Data block:
▶
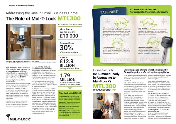 Mul-T-Lock ’ s MTL300 is the ideal choice for small businesses looking to safeguard their assets , premises , and data against the rising tide of crime . With its functionality , flexibility and cost-effectiveness , the MTL300 presents unparalleled security and peace of mind for small business owners ., the MTL300 offers unmatched security and peace of mind for small business owners .
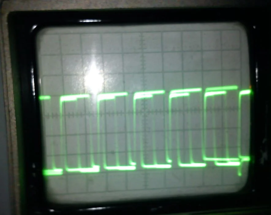 Вы были правы , на затвор полевика идут импульсы ошибки ФАПЧ , весьма забавной формы .Самая лучшая картинка которую удалось получить. На других частотах видно как скважность меняется .
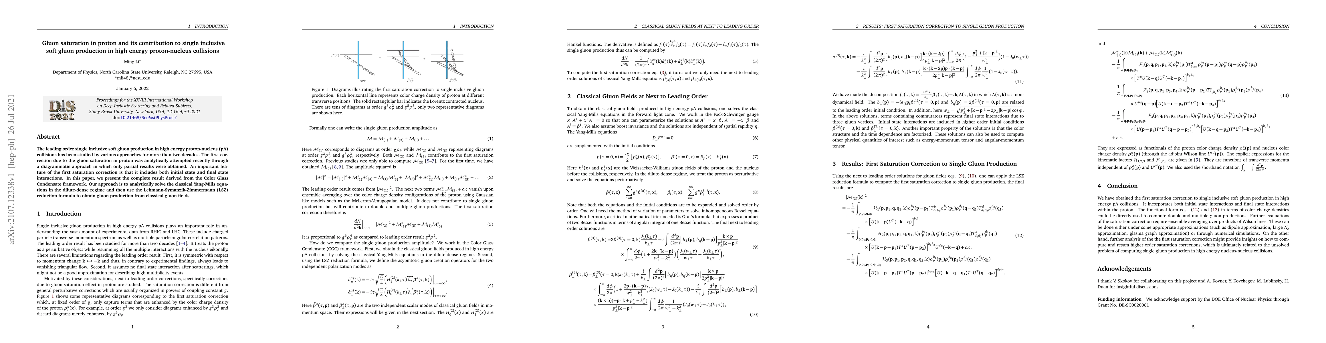 This paper presents a complete analytical solution for the first correction to leading order single inclusive soft gluon production in high energy proton-nucleus collisions, derived from the Color Glass Condensate framework. The study accounts for gluon saturation effects in the proton, incorporating both initial and final state interactions through the solution of classical Yang-Mills equations and the LSZ reduction formula.
◀
Work instructions: Copy the lines exactly. Start at the line with "Вы были правы", end at the last line above, include both, and omit all pictures.

Result for this task:
 Вы были правы , на затвор полевика идут импульсы ошибки ФАПЧ , весьма забавной формы .Самая лучшая картинка которую удалось получить. На других частотах видно как скважность меняется .
 This paper presents a complete analytical solution for the first correction to leading order single inclusive soft gluon production in high energy proton-nucleus collisions, derived from the Color Glass Condensate framework. The study accounts for gluon saturation effects in the proton, incorporating both initial and final state interactions through the solution of classical Yang-Mills equations and the LSZ reduction formula.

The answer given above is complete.